(Dataset excerpts)
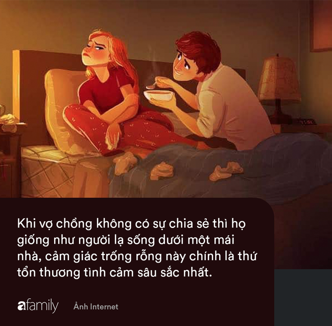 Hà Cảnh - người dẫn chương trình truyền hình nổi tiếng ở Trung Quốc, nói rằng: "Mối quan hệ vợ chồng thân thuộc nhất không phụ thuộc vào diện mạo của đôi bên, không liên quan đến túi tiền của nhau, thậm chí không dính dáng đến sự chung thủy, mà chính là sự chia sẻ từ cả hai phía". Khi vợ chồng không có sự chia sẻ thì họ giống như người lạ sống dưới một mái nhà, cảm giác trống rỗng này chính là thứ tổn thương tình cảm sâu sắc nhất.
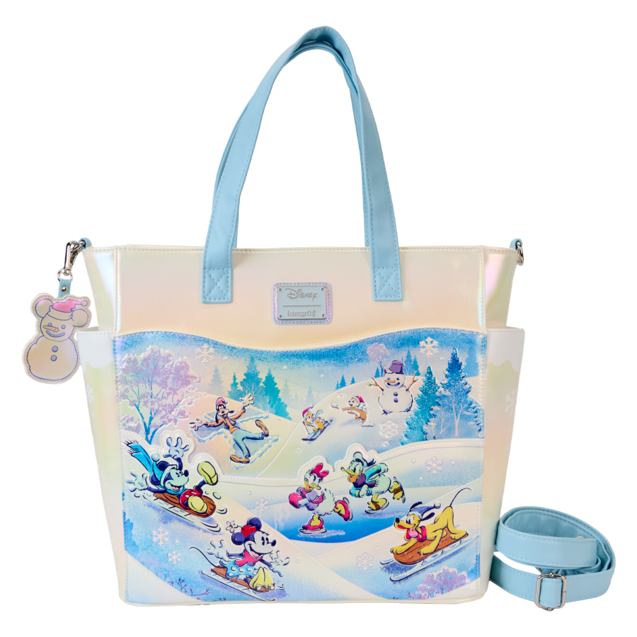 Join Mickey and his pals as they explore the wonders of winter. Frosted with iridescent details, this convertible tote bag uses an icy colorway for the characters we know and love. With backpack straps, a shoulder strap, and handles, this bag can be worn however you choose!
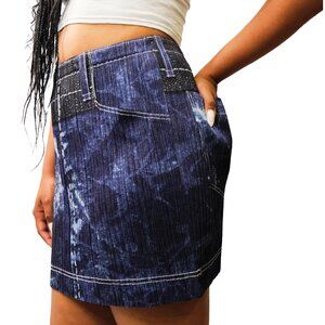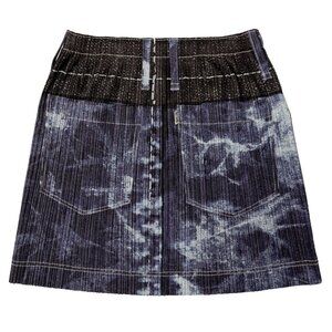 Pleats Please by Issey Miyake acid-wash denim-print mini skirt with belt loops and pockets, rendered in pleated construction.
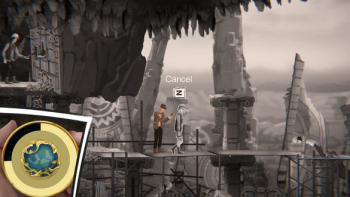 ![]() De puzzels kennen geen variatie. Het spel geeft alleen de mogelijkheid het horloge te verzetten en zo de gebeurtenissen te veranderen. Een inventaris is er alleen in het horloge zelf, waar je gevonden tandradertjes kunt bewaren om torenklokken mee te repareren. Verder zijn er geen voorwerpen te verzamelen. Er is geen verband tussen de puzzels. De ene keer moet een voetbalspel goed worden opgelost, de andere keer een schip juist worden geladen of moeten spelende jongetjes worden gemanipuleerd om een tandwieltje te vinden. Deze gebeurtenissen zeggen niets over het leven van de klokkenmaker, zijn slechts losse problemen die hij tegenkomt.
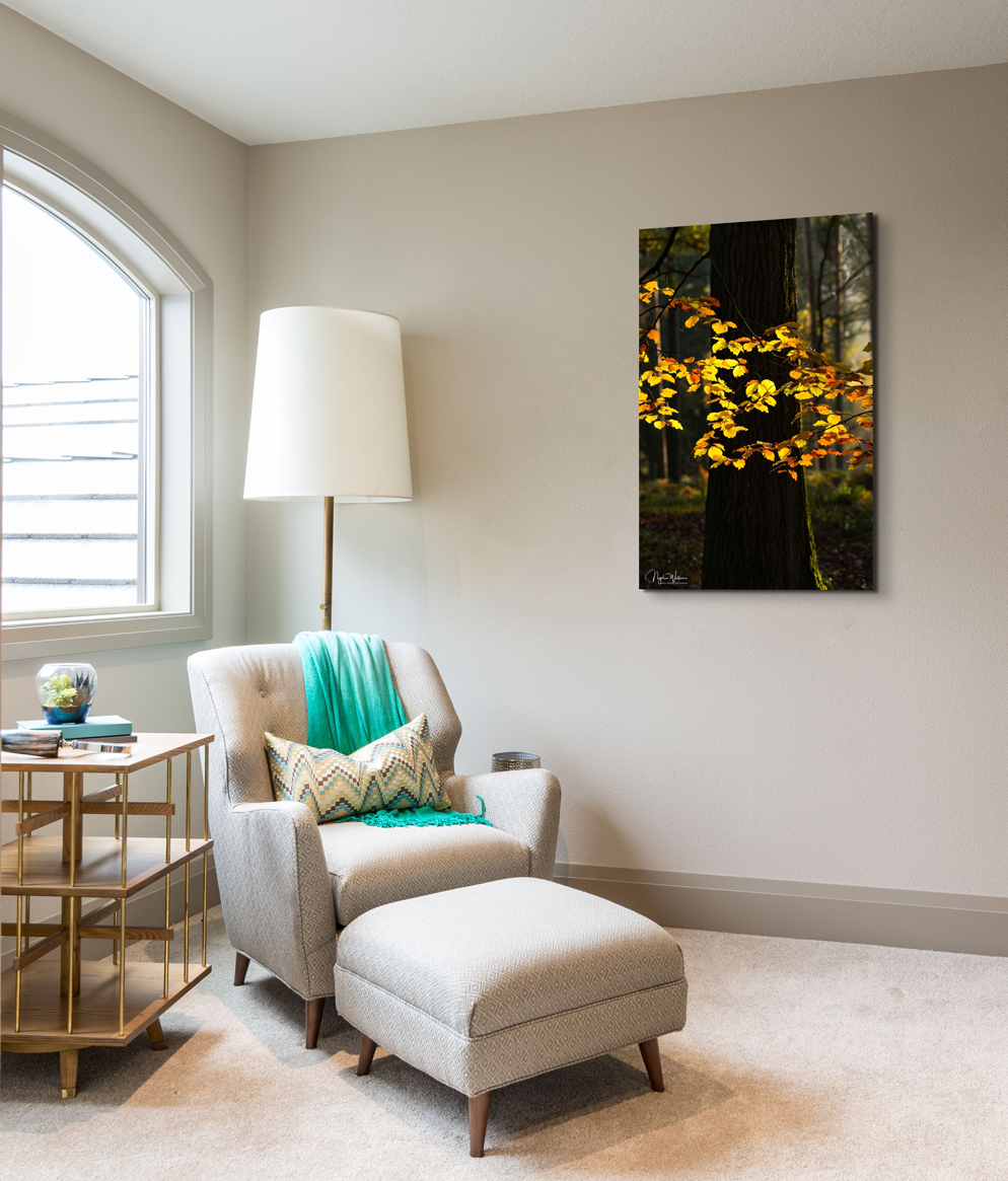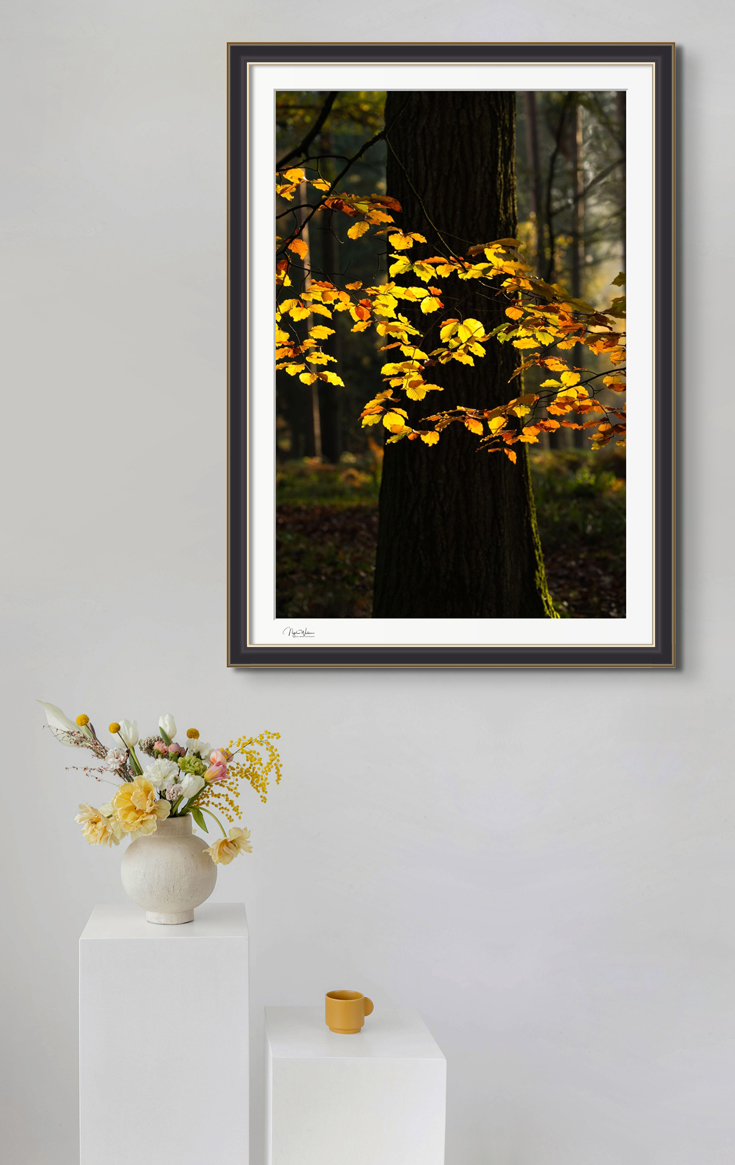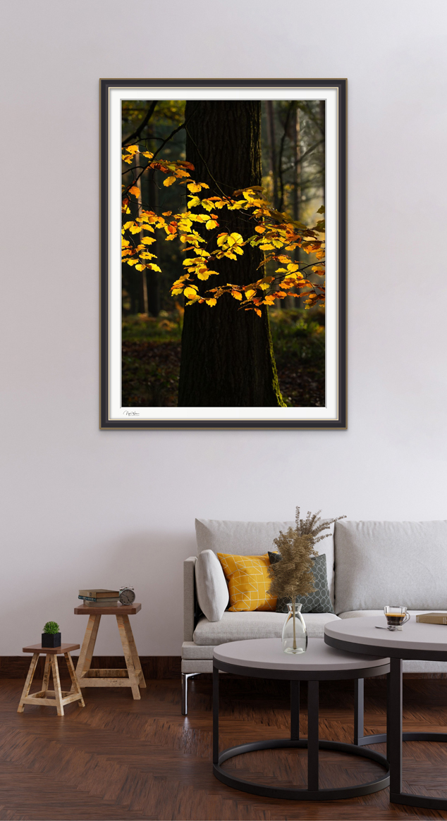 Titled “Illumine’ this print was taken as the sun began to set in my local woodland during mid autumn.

◆ **Your task**: Would you restate, exactly and with no pictures, the lines of the entries above from the one containing "Join Mickey and" through the one containing "Pleats Please by"?

◆ **Written solution**:
 Join Mickey and his pals as they explore the wonders of winter. Frosted with iridescent details, this convertible tote bag uses an icy colorway for the characters we know and love. With backpack straps, a shoulder strap, and handles, this bag can be worn however you choose!
 Pleats Please by Issey Miyake acid-wash denim-print mini skirt with belt loops and pockets, rendered in pleated construction.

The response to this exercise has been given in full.